The Protein Expression Laboratory plans and conducts research on the expression, purification, and structural characterization of human immunodeficiency virus (HIV) and HIV-related proteins. Laboratory scientists also collaborate with NIH intramural researchers studying the structure and function of HIV and HIV-related proteins. The Lab serves as a support and resource group for the expression and purification of these proteins.

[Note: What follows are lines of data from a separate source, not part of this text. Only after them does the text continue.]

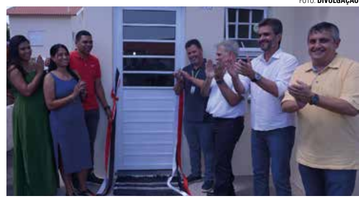
CHAVE NA MÃO - Famílias contempladas receberam as chaves na quinta

-feira, a CDHU concluiu a entrega de 131 unidades - as primeiras 49 foram liberadas para os mutuários no mês de setembro. De acordo com informações obtidas pela reportagem de O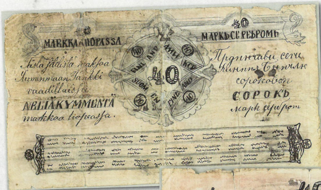
Kuva 1 (yläpuolella). Käsien piirretty väärennös 40 markan setelistä mallia 1862, etupuoli. Huomioikaa sarjanumero, joka on sikäläkin epäonnistunut, että suurin koskaan aidossa esiintynyt sarjanumero oli №132000. Allekirjoituksiksi on väärentäjä mukailnut August Törnqvistin ja F.W. Wendellin nimet, joista jälkimmäistä ei tietävästi edes esiinny tämän setelin allekirjoituksena.

40 markan seteli on eräs Suomen vaikeimmista ja kalleimmista setelityypeistä hankkia kokoelmaan. Sitä laskettiin liikkeelle vain 132 000 kappaletta. Saman sarjan 12 markan seteleitä laskettiin liikkeelle omituisesta nimellisarvosta huolimatta yhteensä 1 652 000 kpl. Valmistus ehdittiin jo lopettaa loppuvuotena 1877, mutta mallin 1878 10 markan setelin syyskuussa 1881 ilmi tullut väärennösongelma aiheutti tarpeen jatkaa liikkeellelaskua vuonna 1882 arviolta 27 000 kappaleella. 20 markan seteleitä laskettiin liikkeeseen yhteensä 1 032 000 kpl ja 100 markan seteleitä puolestaan yhteensä 696 000 kpl.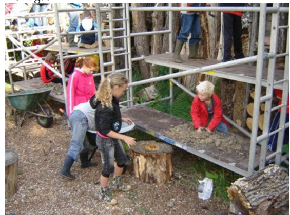
De 'bovenbouw' betreft haar stellingen, letterlijk en figuurlijk....!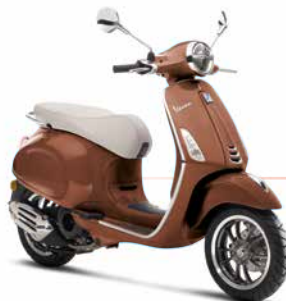
Braun matt 50° 139/A (Abbildung: 125 ccm-Version)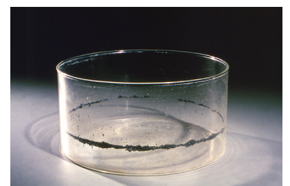
Fotos de Aedes aegypti los huevos del mosquito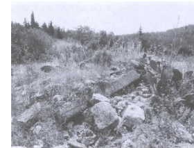
الفاص في موقع القرية (أبو مايو ١٩٨٧) [عين غزال] عين غزال: اطلال البيوت المدمرة، 1987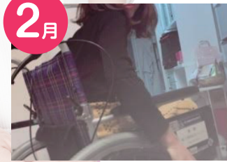
2月 自分で車いすにのってどんな生活になるのか体験で借りました。車いすが過ごしやすい江東区にしたいです。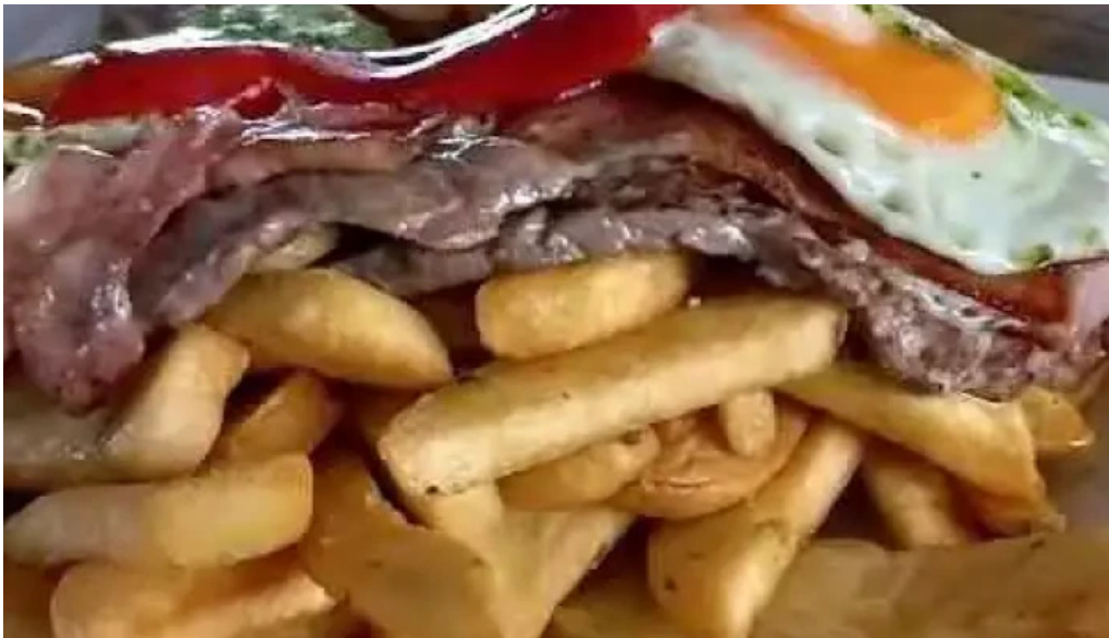
Blue bistro papas fritas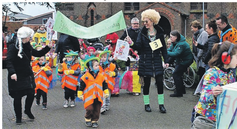
Kinderoptocht in Noordhoek

Ook in het Spieringkruiersdorp weten ze wat feesten is. Op De Klaverhoek hadden ze deze keer een verlengde schooldag. De hele ochtend werden er allerlei spelletjes gedaan zoals spek happen, prinsje prik en een ballonnenrace. Tussendoor natuurlijk tijd voor de polonaise en als lunch kregen de kinderen allemaal heerlijke pannenkoeken. Na het eten werd er nog even buiten gespeeld en na een laatste feestdans kon ook in Moerdijk de vakantie van start gaan.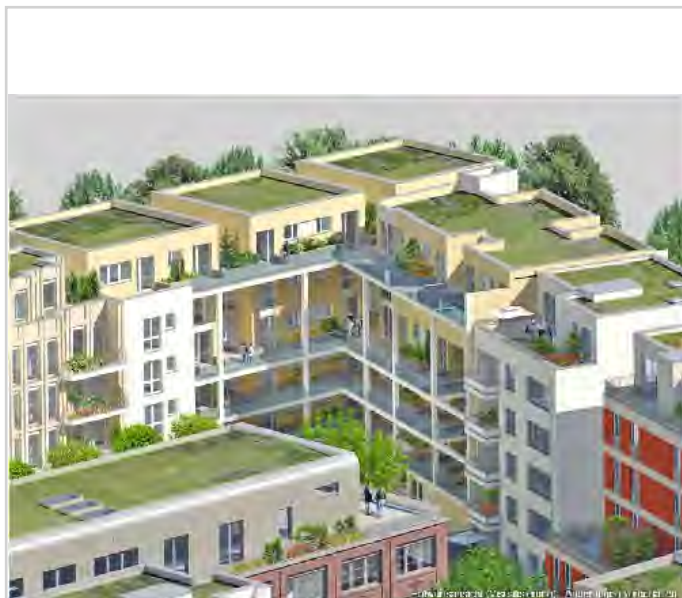
Objekt Umfeld (Visualisierung)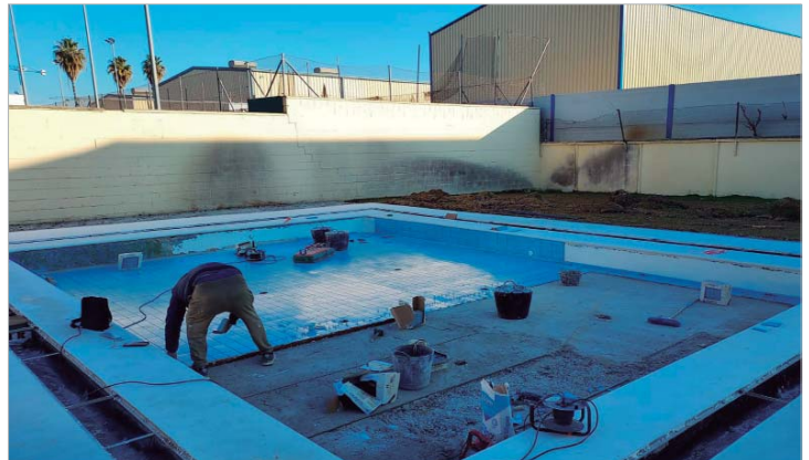
Operarios municipales han actuado en el vaso de chapoteo de la piscina Antonio Romero 'El Negro'.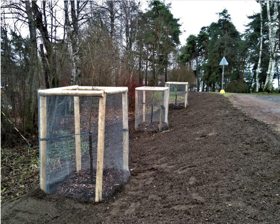
Yllä: Japaninsiipipähkinöitä Pyynikin laajalla viheralueella.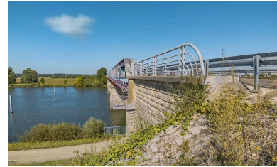
Vue d'ensemble du pont.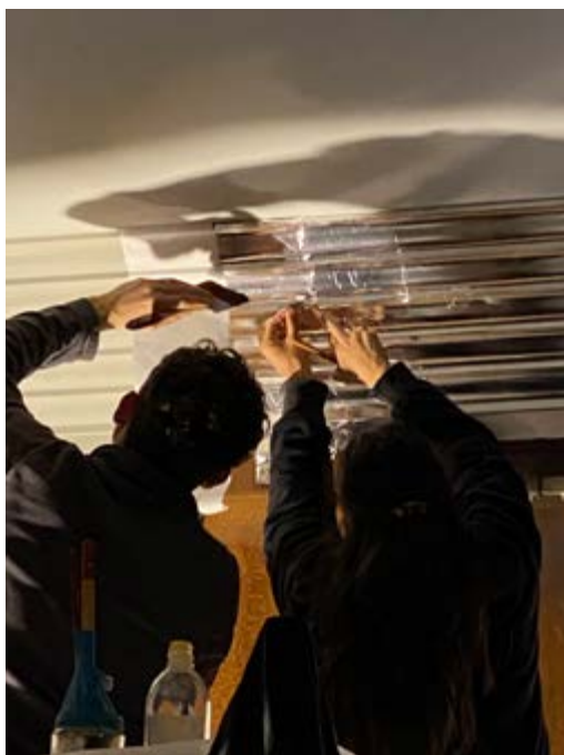
AFB. 7A De eetkamer. De restauratie van de aluminium bladversiering op de kroonlijst (© Atelier d'architecture CAZ sc sprl).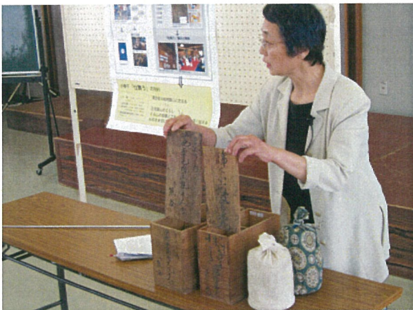
▲プレゼンテーション②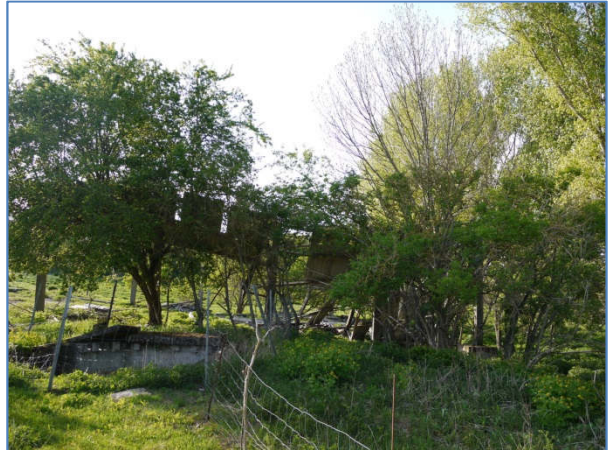
Abb. 12 071021 flächige Laubgebüsch überwiegend heimische Arten BLMH (Holunderaufwuchs in Gebäude-nähe)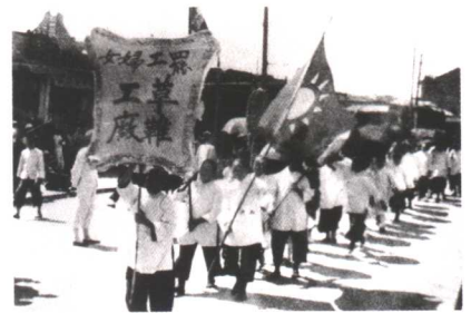
1926年省港大罢工期间，香港有13万罢工工人及工属回到广州，其中妇女达1.3万余人。图为草鞋厂女工在游行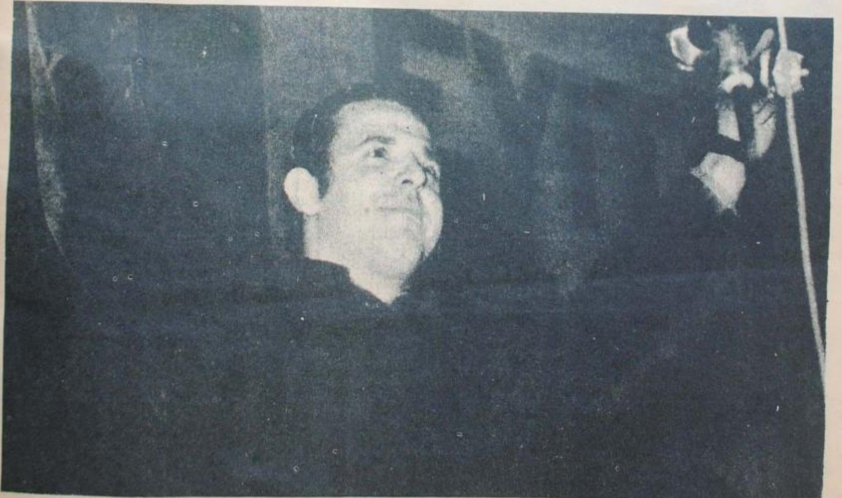
JP: La mayor capacidad de convocatoria del Movimiento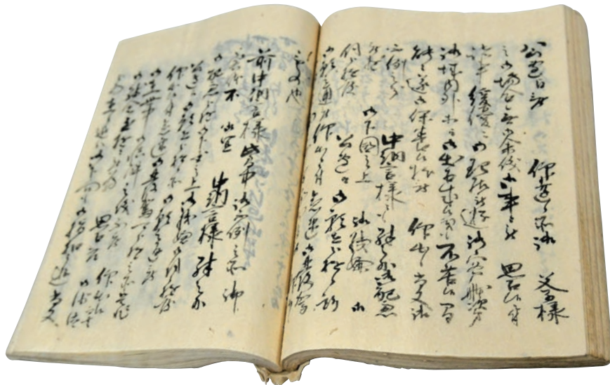
▲小泉家日記(市立博物館蔵)…小泉家の代々の当主によって書かれた35冊の日記。この日記を含め、手紙など、900点以上ある小泉家文書は、当時の水戸の商家の動向を明らかにするうえで貴重な史料として、水戸市指定文化財に指定されています。

幕末から大正期に、水戸の商人によって記された小泉家日記。つづられた言葉の一つ一つから、当時の息遣いが聞こえてくるかのようです。 問合せ／市立博物館(☎226・6521)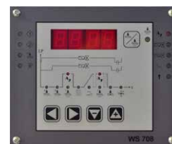
WS 708 VEZÉRLŐEGYSÉG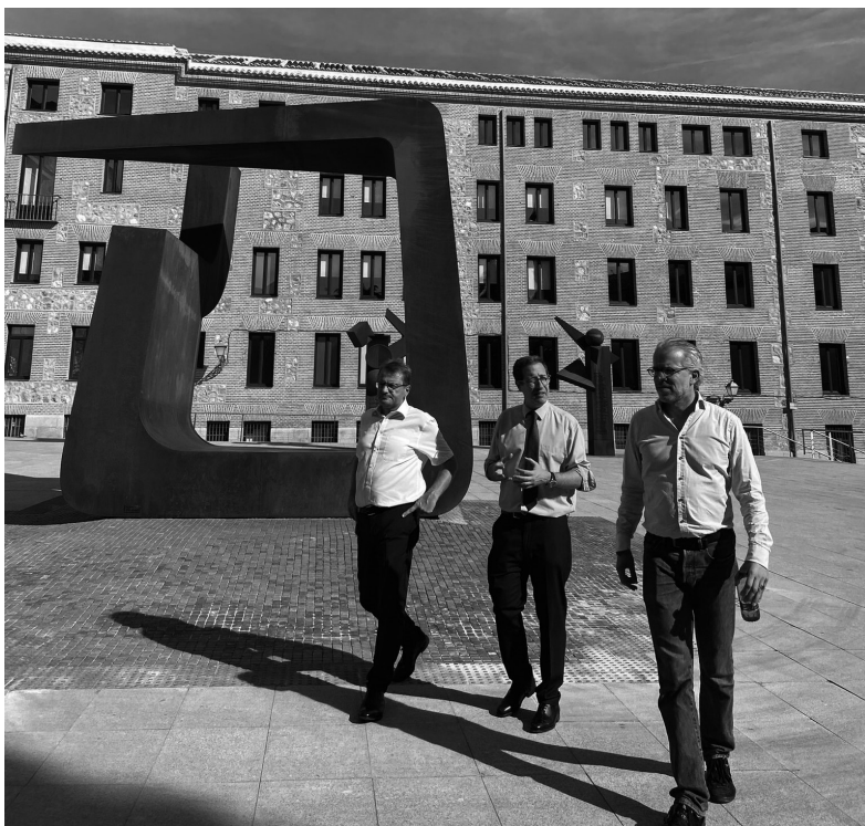
Domènec Ruiz Devesa, Hannes Heide y Thijs Reuten, diputados al Parlamento Europeo por el Grupo de los Socialistas y Demócratas, en Madrid, frente al monumento a los madrileños deportados a Mauthausen, el 27 de septiembre de 2023.

HANNES HEIDE, 28 de septiembre de 2023 Diputado al Parlamento Europeo, Socialistas y Demócratas Excalcalde de Bad Ischal, Austria (2007-2019)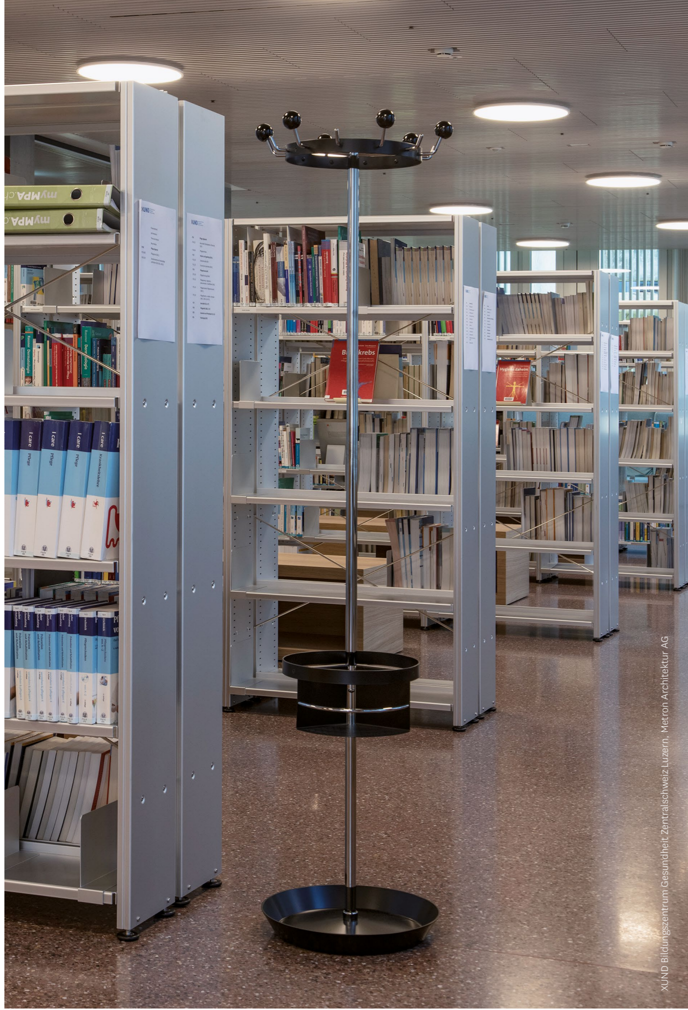
XUND Bildungszentrum Gesundheit Zentralschweiz Luzern, Metron Architektur AG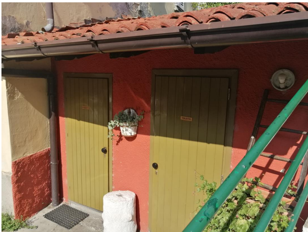
Vista esterna – Spogliatoio e Bagni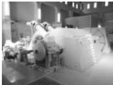
図13 横軸二輪四射ペルトン水車 (和合発電所)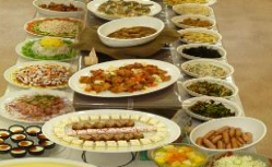
▲レストラン ラ・メールバイキング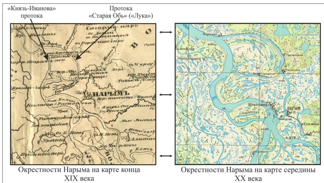
Рис. 2. Изменение гидрологической ситуации в месте расположения д. Городище

Для ответа необходимо определиться с главными ориентирами Г.Ф. Миллера и локализовать их на современной карте. «Князь-Иванова» протока часто упоминается в литературе: о ней сообщал Н. Спафарий, проследовавший через Нарым в середине XVII в.; отметил на «Чертеже Нарымского города» С.У. Ремезов; одноименный «рыболовный песок» был известен даже в XIX в. По сведениям А.Ф. Плотникова, «Князь-Ивановский песок» получил свое название по имени владевшего им князя Ивана Кичеева. По преданию рода Кичеевых, Ванга Кичей, бывший еще язычником, оказал русскому царю какую-то важную услугу; в 1602 г. он ездил в Москву и был пожалован в вечное владение многими рыболовными местами. Среди них был и будущий «Князь-Иванов песок», расположенный недалеко от Нарыма, который в XIX в. стал объектом беспрестанной дележки между инородцами Ниже-Подгородной волости и крестьянами д. Городищенской (Плотников, 1901: 174). Таким образом, не приходится сомневаться в том, что эта протока существовала. Ее отсутствие на современных картах объясняется изменением гидрологической ситуации в пойме Средней Оби, что наглядно демонстрирует сравнительный анализ картографических материалов конца XIX в. и второй половины XX в. (Рисунок 2).

The Systemic Autoimmunity Branch focuses on unraveling the fundamental mechanisms that lead to the development and perpetuation of systemic autoimmune disorders, particularly systemic lupus erythematosus (SLE) and rheumatoid arthritis (RA), and their associated organ damage. By identifying the mechanisms of tissue damage in SLE and RA, the Branch is exploring whether specific pharmacologic interventions that block identified pathways can mitigate complications in these and other immune disorders. The Vasculitis Translational Research Program based in the Systemic Autoimmunity Branch develops clinical and translational research initiatives across many types of systemic vasculitis. The program's key objectives include comprehensive clinical evaluation of patients with known or suspected vasculitis, assessment of vascular inflammation through imaging studies, discovery of novel biomarkers through genomic profiling, and clinical trials of novel therapeutics. The program works closely with the NIH Clinical Center and has established an ongoing collaboration with the international NIH-funded Vasculitis Clinical Research Consortium.

The Rheumatology Fellowship and Training Branch is dedicated to the clinical and research training of physicians wishing to pursue careers in biomedical or translational research related to rheumatic diseases. Led by the NIAMS, the NIH Rheumatology Training Program is two years in duration with extensions available for individuals interested in advanced research training as NIAMS Scholars in Translational Medicine. The program is accredited by the Accreditation Council for Graduate Medical Education (ACGME), and graduates are eligible to sit for the certifying examination in the subspecialty of rheumatology.

The Career Development and Outreach Branch advises the Scientific Director, Laboratory and Branch Chiefs, and other key officials within the NIAMS IRP on current and potential training programs; coordinates resources available for NIAMS fellows and their sponsors; and works in partnership with existing NIAMS and NIH components to ensure the quality of incoming trainees at the postdoctoral, post-baccalaureate, and graduate student levels. In addition, the Branch leads Institute career outreach activities, administers the summer internship program, and supports the annual NIAMS Intramural Scientific Training.